Selama Darurat Militer, kehidupan sebagai aktivis tidak menentu dan berbahaya. Anda dapat dijemput kapan saja dan menghilang begitu saja. Hidup kami tidak teratur dan ada hari-hari dan minggu-minggu dimana kami tidak bertemu satu sama lain. Keadaan menjadi semakin rumit ketika Julia lahir. Sungguh menegangkan ketika kami berdua ditangkap dan Julia harus tinggal terpisah dari kami bersama mertua saya. Ini bukan saat yang tepat untuk memulai dan membesarkan sebuah keluarga. Saya pikir Julia masih membawa trauma hidup di tahun-tahun kelam itu.

Rappler: Menurut Anda, bagaimana tahun-tahun tersebut membentuk pertumbuhan Anda sebagai individu dan pasangan?

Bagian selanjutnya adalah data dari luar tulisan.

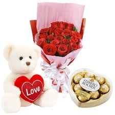 1 Dozen + Ferrero Heart + 2ft teddy +pillowNo Product Detail Available |
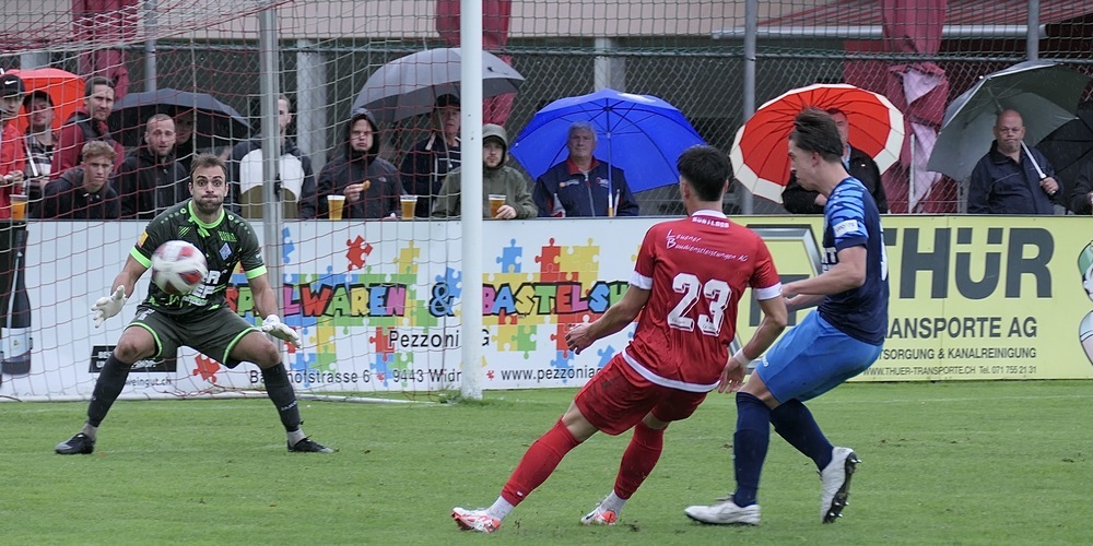 Die erste Halbzeit endete mit einem torlosen Unentschieden. Aber es war ein 0:0 von der besseren Sorte. Attraktiv für die Zuschauer, die im Montlinger Dauerregen zwei aktiv und immer wieder offensiv nach vorne spielende Teams sahen. Ein Spiel, das auch von Emotionen lebte. So verloren die Rorschacher in der zweiten Halbzeit, nachdem sie in Rückstand geraten waren, ein ums andere Mal leicht die Nerven. Der Schiedsrichter brachte den Match aber problemlos mit Fingerspitzengefühl und ohne gelbe Karten durch diese Phase.
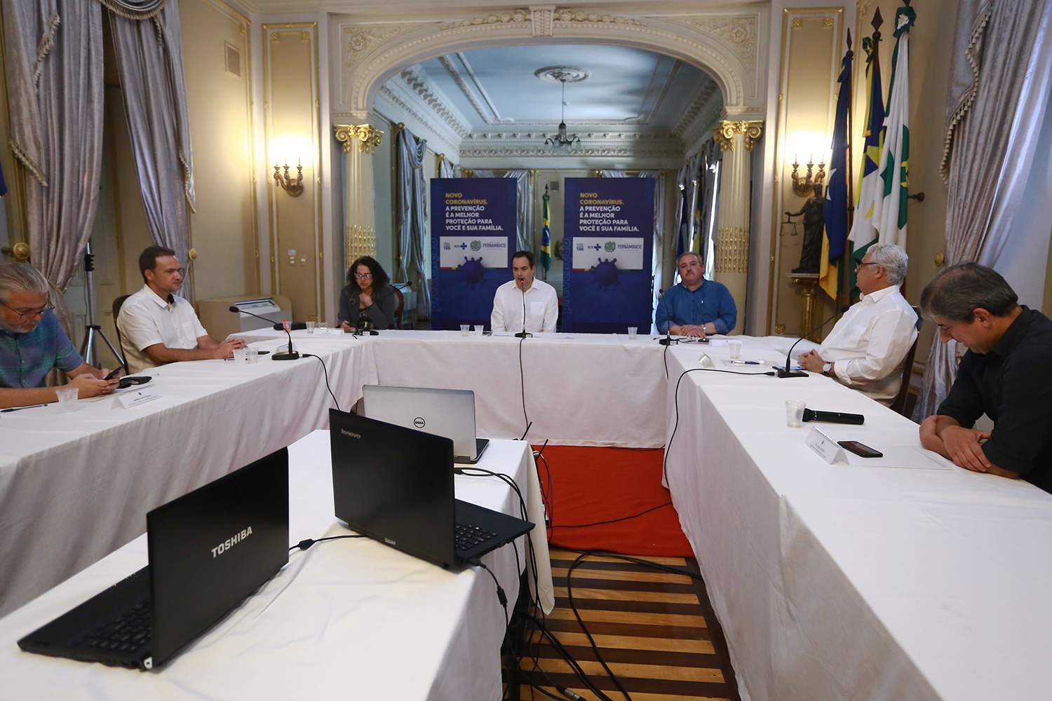 O governador Paulo Câmara comandou, na manhã deste domingo (05.04), uma reunião com parte da sua equipe de secretários no Palácio do Campo das Princesas e com os demais integrantes do primeiro escalão participando por videoconferência. O objetivo foi analisar o impacto da pandemia do novo coronavírus no Estado, pontuando as ações de enfrentamento implementadas e discutindo o planejamento para os próximos dias. Hoje, Pernambuco contabilizou mais 25 casos confirmados e sete mortes. Ao todo, já são 201 casos confirmados e 21 mortes registradas.
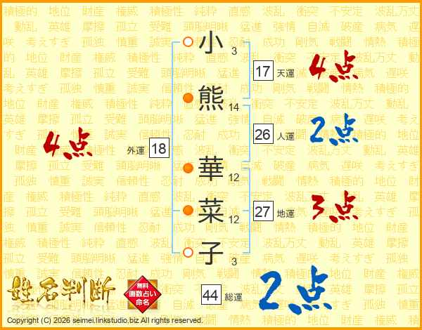 小熊華菜子さんの総運は44画の2点!
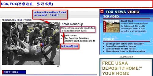 美國(guó)FOX新聞網(wǎng)將一張印度軍人拖走示威者的圖片,配上“中國(guó)軍隊(duì)將示威者拷走”的說(shuō)明。
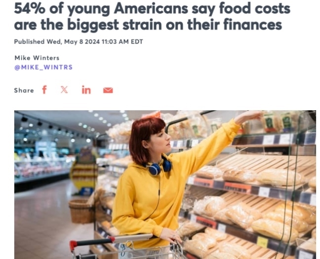 中國日報網(wǎng)5月10日電 ?當(dāng)?shù)貢r間5月8日,美國財經(jīng)網(wǎng)站CNBC報道,一項調(diào)查顯示,年輕的美國人正在感受通貨膨脹帶來的壓力,54%的受訪者表示食品價格上升對他們的打擊最大。

Tanpa kerja kami sebagai pengorganisir komunitas, anggota serikat pekerja, dan aktivis anti-kediktatoran, kami tidak akan mendedikasikan hidup kami terlebih dahulu sebagai pekerja pembangunan, kemudian sebagai pegawai negeri, dan akhirnya sebagai politisi.

Tahun-tahun tersebut mengembangkan komitmen emosional dan intelektual yang menopang kami sebagai aktivis seumur hidup. Aktivisme kami tidak pernah meninggalkan kami, bahkan ketika kami berada di pemerintahan dan politik. Namun hal ini tidak memberikan kemudahan bagi kami sebagai pegawai negeri atau politisi.

Rappler: Bertahun-tahun kemudian, pada tahun 2020 – kita sedang melalui masa yang sulit (terutama di Filipina, dan juga di dunia). Bagi sebagian orang, mungkin sulit membayangkan cinta ketika dunia di sekitar mereka sedang runtuh – apa yang membuat Anda mempercayainya meskipun berada dalam masa-masa sulit?

Jika cinta kami hanya untuk satu sama lain dan untuk keluarga muda kami dan bukan untuk kebebasan, keadilan dan demokrasi yang kami perjuangkan, hal ini tidak akan bertahan. Dan ada masa-masa sulit dan sulit ketika kita hampir ingin menyerah.

Saat Julia hadir dalam hidup kami, kami punya satu alasan lagi untuk terus berjuang. Apa yang membuat tahun-tahun sulit dan menakutkan itu berharga adalah menyaksikan keempat anak kami – Julia, Pio, Luis dan Patsy – berjuang di bidang minatnya masing-masing. – Rappler.com

Judul seri ini berasal dari cerita Rappler sebelumnya.